Returns number of sampled points

inline _elementType GetTolerance() const

Returns the tolerance used when checking for infinite slope.

inline void SetTolerance(_elementType tol)

Set the tolerance used when checking for infinite slope.

inline virtual void Clear()

Initialize the accumulators (i.e., clear all sample points)

virtual bool Sample(const _elementType &x, const _elementType &y)

Sample the specified x,y pair. Always returns true, but derived classes could return false (e.g., if checking for overflow)

inline virtual bool Sample(const vctFixedSizeVector<_elementType, 2> &in)

Sample the specified x,y pair, provided as a vector.

inline virtual bool Sample(const vctFixedSizeConstVectorRef<_elementType, 2, 1> &in)

Sample the specified x,y pair, provided as a vector ref.

inline virtual bool Sample(const vctDynamicVector<_elementType> &x, const vctDynamicVector<_elementType> &y)
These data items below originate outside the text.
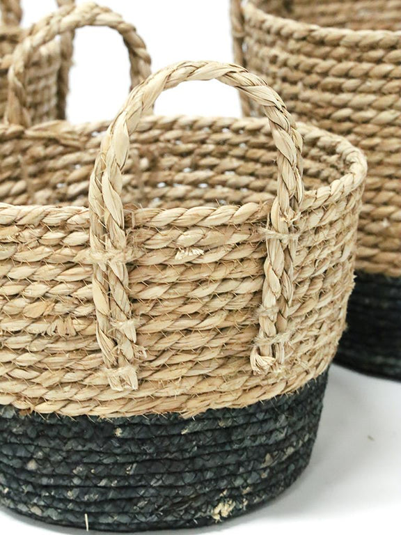 Bring effortless charm and functionality into your home with the Set of 3 Santai Woven Baskets. Crafted from natural seagrass with a two-tone black-dipped base, these handwoven baskets blend rustic textures with a contemporary touch. Their sturdy handles make them ideal for easy transport, while their spacious design provides versatile storage for anything from blankets and toys to potted plants. Whether styled together or used separately, these baskets add warmth and practicality to any space.
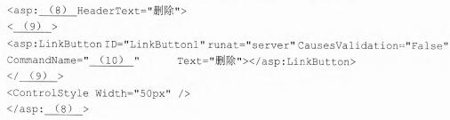 问题:2.2   采用ASP.NET(C#语言)实现管理员对商品的删除,具体操作是管理员在商品信息列表中点击需要删除的商品行中的“删除”按钮。创建商品信息列表一般可以采用GridView控件实现,在GridView控件每一行数据后加一个“删除”按钮列,该列采用 GridView控件模板列实现。根据题意,完成添加“删除”按钮的代码。
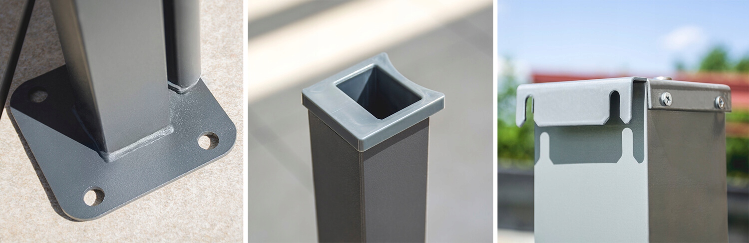 Postopek namestitve je hiter in enostaven, zahvaljujoč priloženim navodilom in vsem potrebnim pritrdilnim elementom. Najprej pritrdite kaseto na steno vaše hiše, nato pa nosilec na tla – na ustrezni razdalji.

Sample multiple x and y values, provided as two vctDynamicVectors or two vctDynamicVectorRefs. Returns true unless vector sizes are not equal.

inline virtual bool Sample(const vctDynamicConstVectorRef<_elementType> &x, const vctDynamicConstVectorRef<_elementType> &y)
inline virtual bool Sample(const std::vector<_elementType> &x, const std::vector<_elementType> &y)

Sample multiple x and y values, provided as two std::vector objects. Returns true unless vector sizes are not equal.

virtual bool EstimateAsFractions(SummationType &slope_num, SummationType &yint_num, SummationType &denom, SummationType *tse_num = 0)

Estimate the slope and y intercept as fractions: slope = slope_num/denom yint = yint_num/denom tse = tse_num/denom (total square error, divide by numpts to get mse)

virtual bool Estimate(_elementType &slope, _elementType &yint, _elementType *mse = 0)

Estimate the slope and y intercept and (optionally) return the mean square error (MSE). RMS error is the square root of MSE.